The function `pip install`s `numpy` and `torch` before compilation. **Why:** `pip-compile` runs with `--pip-args --no-deps`, but it still has to extract each candidate's own `install_requires` to feed the resolver. For legacy sdists (no wheel, no PEP 517 `pyproject.toml`), the only way to get metadata is to execute `setup.py egg_info` — which runs the package's `setup.py` as Python. If that `setup.py` does `import numpy` / `import torch` at module level (common for packages using `numpy.distutils` or `torch.utils.cpp_extension` for C-extension config), the import has to succeed or pip-compile aborts. pip-compile doesn't sandbox these in an isolated PEP 517 build env, so the calling Python must already have those modules installed. `dragonfly-opt` was the canonical offender (no longer in the tree); the preinstall stays because the same shape of failure recurs whenever a new sdist-only dep with imperative `setup.py` imports gets added.

### Source file lists

If you add a brand-new source requirement file under `python/requirements/**`, it will NOT be picked up automatically — you must extend the `pip-compile` source list inside the relevant function in `ci/ci.sh`. This is one of the few legitimate reasons to edit `ci/ci.sh` (see workflow rule 2). Update both `compile_pip_dependencies` and `compile_313_pip_dependencies` if the new file applies to both Python tracks; if py3.13 needs an override, place it under `python/requirements/py313/` or `python/requirements/ml/py313/` and reference the override in `compile_313_pip_dependencies` only.

### Recompile + relock everything

After editing source requirements, the full refresh is:

```bash
ci/ci.sh compile_pip_dependencies && \
ci/ci.sh compile_313_pip_dependencies && \
bazelisk run //ci/raydepsets:raydepsets -- build --all-configs
```

The compiled `requirements_compiled*.txt` files feed raydepsets as constraints (via the `remove-compiled-headers.sh` pre-hook, which copies them to `/tmp/ray-deps/` with GPU index URLs stripped).

---

## raydepsets System

### What it does

raydepsets models relationships between lock files as a directed acyclic graph (DAG), so when a dependency changes, downstream lock files regenerate in the correct order. It wraps `uv pip compile` with cross-file consistency guarantees.

### Architecture

```
YAML configs --> Config parser (workspace.py) --> Template expansion --> DAG (NetworkX DiGraph) --> Topological execution --> uv pip compile --> Lock files
```

**Source files:**
- `ci/raydepsets/raydepsets.py` — entry point
- `ci/raydepsets/cli.py` — CLI (`build` command) and `DependencySetManager` class
- `ci/raydepsets/workspace.py` — config parsing, `Depset` dataclass, `Workspace` class, template substitution

### Four operations

#### 1. `compile`
Runs `uv pip compile` to resolve dependencies from `.in`/`.txt` requirement files into a hash-verified lock file.
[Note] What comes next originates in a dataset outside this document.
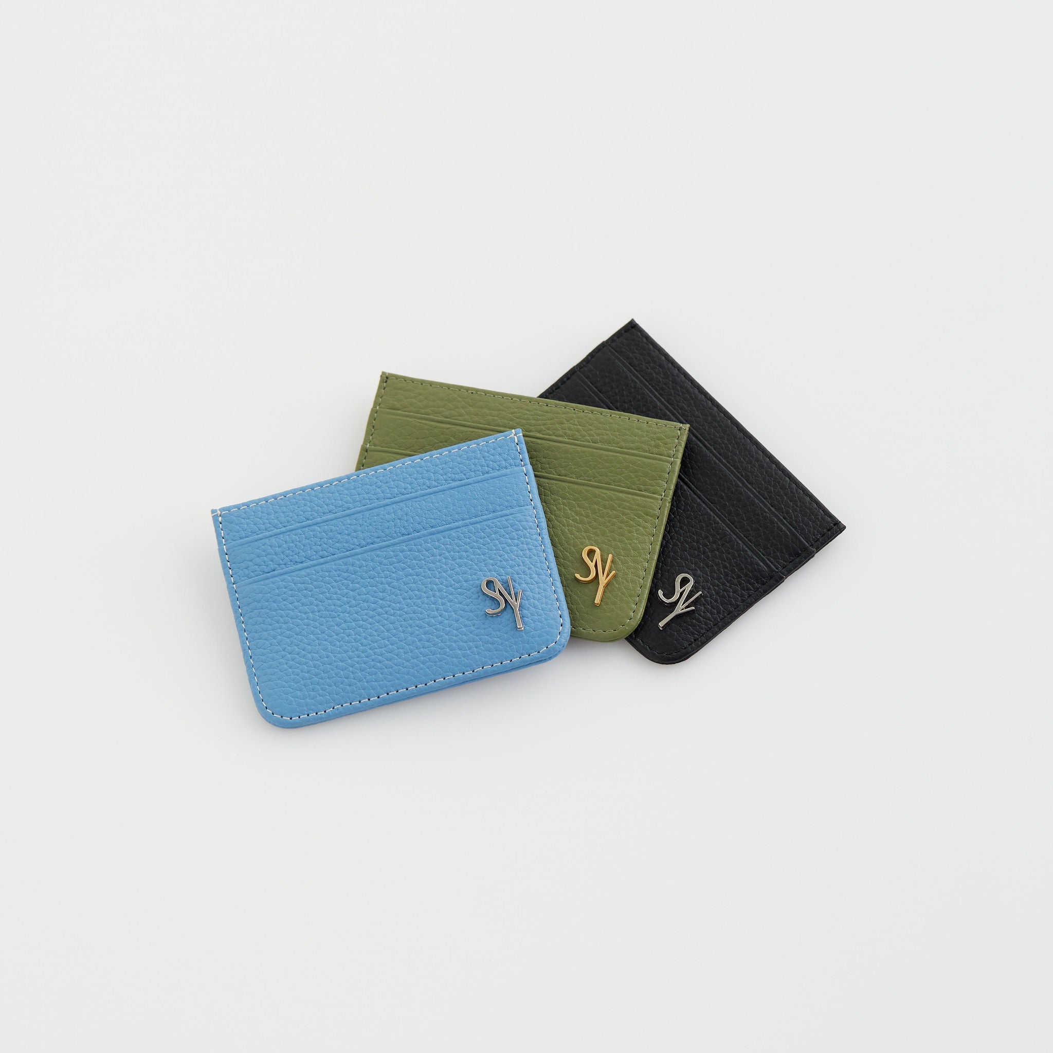The Motif Cardholder. This cardholder is made from full-grain leather, the motif sits neatly at the bottom right corner, and has four card slots with a center compartment.

**Fields:** `requirements` (input files), `constraints` (version constraint files), `packages` (inline package specs via stdin), `output` (lock file path)

```yaml
- name: ray_img_depset_${PYTHON_SHORT}
  operation: compile
  requirements:
    - python/deplocks/ray_img/ray_dev.in
  constraints:
    - /tmp/ray-deps/requirements_compiled_py${PYTHON_VERSION}.txt
  output: python/deplocks/ray_img/ray_img_py${PYTHON_SHORT}.lock
  append_flags:
    - --python-version=${PYTHON_VERSION}
    - --unsafe-package ray
    - --python-platform=linux
  build_arg_sets: [py310, py311, py312, py313]
  pre_hooks:
    - ci/raydepsets/pre_hooks/build-placeholder-wheel.sh
    - ci/raydepsets/pre_hooks/remove-compiled-headers.sh ${PYTHON_VERSION}
```

#### 2. `subset`
Extracts a subset of already-resolved packages from another depset's lock file. Validates all requested requirements exist in the source.

**Fields:** `source_depset`, `requirements`, `output`

```yaml
- name: ray_base_deps_${PYTHON_SHORT}
  operation: subset
  source_depset: ray_base_extra_testdeps_${PYTHON_SHORT}
  requirements:
    - docker/base-deps/requirements.in
  output: python/deplocks/base_deps/ray_base_deps_py${PYTHON_VERSION}.lock
```

#### 3. `expand`
Combines multiple depsets into one, optionally adding new requirements. Recursively collects all transitive requirements from referenced depsets and recompiles.

**Fields:** `depsets` (depset names to combine), `requirements`, `constraints`, `output`

```yaml
- name: compiled_ray_llm_test_depset_${PYTHON_VERSION}_${CUDA_CODE}
  operation: expand
  depsets:
    - ray_base_test_depset_${PYTHON_VERSION}_${CUDA_CODE}
  requirements:
    - python/requirements/llm/llm-requirements.txt
    - python/requirements/llm/llm-test-requirements.txt
  constraints:
    - python/deplocks/llm/ray_test_${PYTHON_VERSION}_${CUDA_CODE}.lock
  output: python/deplocks/llm/rayllm_test_${PYTHON_VERSION}_${CUDA_CODE}.lock
```

#### 4. `relax`
Removes specified packages from another depset's lock file. Does NOT re-resolve — simple removal. Use with caution; can create inconsistent environments.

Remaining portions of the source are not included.